First i run my own company. And if you aren't sure about the shortcomings to a game then wait until after it is out and ask questions to other people about the game. The advertising practices work because you bought the game. Now if you had waited until after the game came out and then asked someone in this thread like "can you fly airplanes in this game" and i would have said, no only the one type of helicopter" Trust me i know how advertising work, and also repeat business.



> but consumers have the right to bitch if they so choose..
> or so they do in America..
> you live in Russia or something?



lmfao, ino i live in the stix of New Jersey, i drive a Dodge Ram 3500 and i have a shotgun rack, along with a 12ga.  Do i sound russian to you?   Driving a Dodge is an American thing, and i wear construction boots and jeans, and im proud to be an American.

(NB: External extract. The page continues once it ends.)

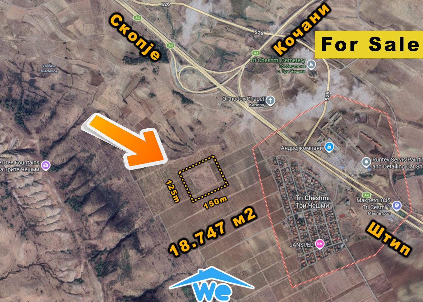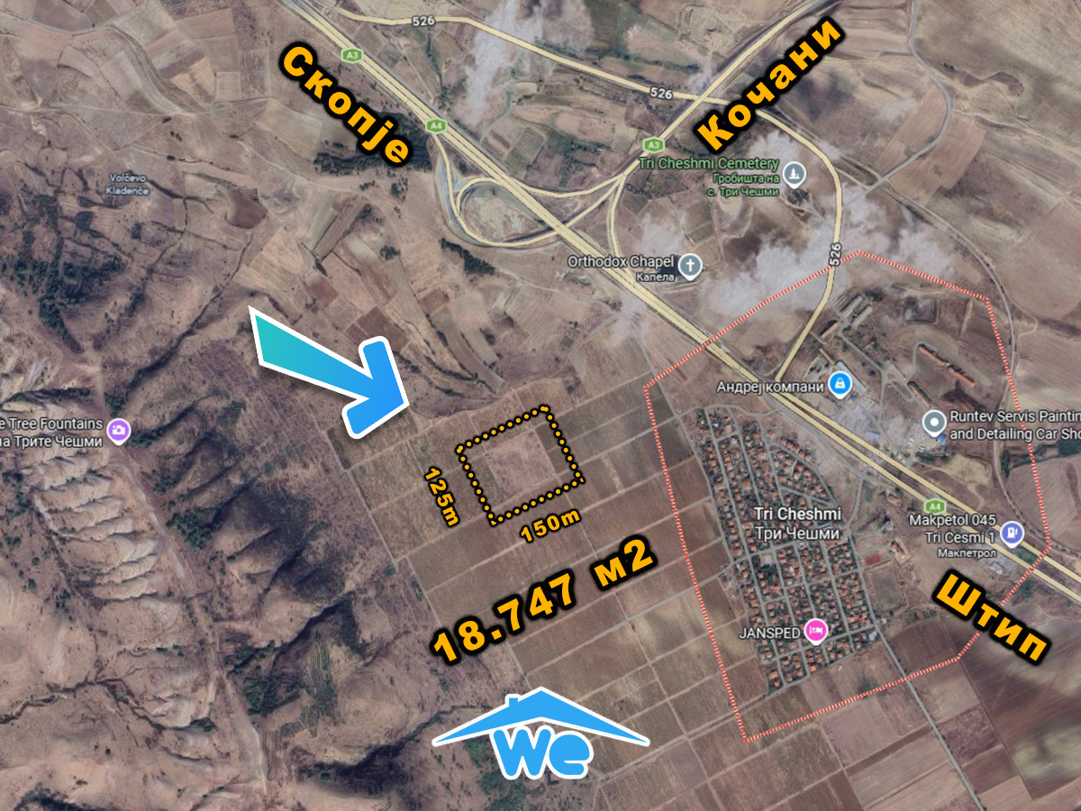 Се продава земјоделско земјиште Плодна Нива во Три Чешми МВ Стари лозја со површина од 18747м2. Нивата е со димензии 120 метри на 150 метри, лесен пристап веднаш до патот и на само 450 метри од асвалтниот пат и куќите во Нас. Три Чешми или на само 1000 метри од клучката Автопатот Штип – Скопје и Експресниот пат Штип – Кочани. Парцелата е лесно достапна, погодна за повеќе намени и култури, исчистена од сите претходни култури и столбови. Чист имотен лист, може да се преведе веднаш. Цената на Нивата е 5€/м2 или 93735€

Im not just an American, im a  Republican, and proud of it. And besides what i said earlier doesn't even begin to sound communist.



> Why is it someone always comes along and feels they have to jab a guy with a stick even though he's already urked?
> what good can ever come from that?


Im not sure what you mean by that

enough of the above said, back to GTA IV thread.


----------



## thee neonlightning (Jan 12, 2009)

ShadowFold said:


> I was thinking of picking this up again since I have a GTX 280 on the way and I have a quad core now. Think I could run it maxed and get 60fps?



you will be fine , iam pretty sure even at normal clock , the cpu will eat GTA4 

if not reply back to this thread soon as


----------



## erocker (Jan 12, 2009)

ShadowFold said:


> I was thinking of picking this up again since I have a GTX 280 on the way and I have a quad core now. Think I could run it maxed and get 60fps?



No way.  I don't know if two of them in SLI would either.


----------



## ShadowFold (Jan 12, 2009)

Alright I probably won't grab it then


----------



## erocker (Jan 12, 2009)

It will still be totally playable.  Hell, I use a dual core and a GTX260 and play at max settings just fine and at 1920x1200.


----------



## spearman914 (Jan 12, 2009)

ShadowFold said:


> Alright I probably won't grab it then



Maybe TRI-SLI 260 216 will get u 60 fps.


----------



## ShadowFold (Jan 12, 2009)

erocker said:


> It will still be totally playable.  Hell, I use a dual core and a GTX260 and play at max settings just fine and at 1920x1200.



How many FPS do you get? I am fine with 35-40..


----------



## pepsi71ocean (Jan 12, 2009)

ShadowFold said:


> Alright I probably won't grab it then



I'll let you know. farther back there is a guy who ran GTA IV with a GTX 280, but i though that was around page 11 or so. But if you want i'll let you know how it goes when i get my GTX in.  And sides even at 1600x900 for resolution the game looks great to me. 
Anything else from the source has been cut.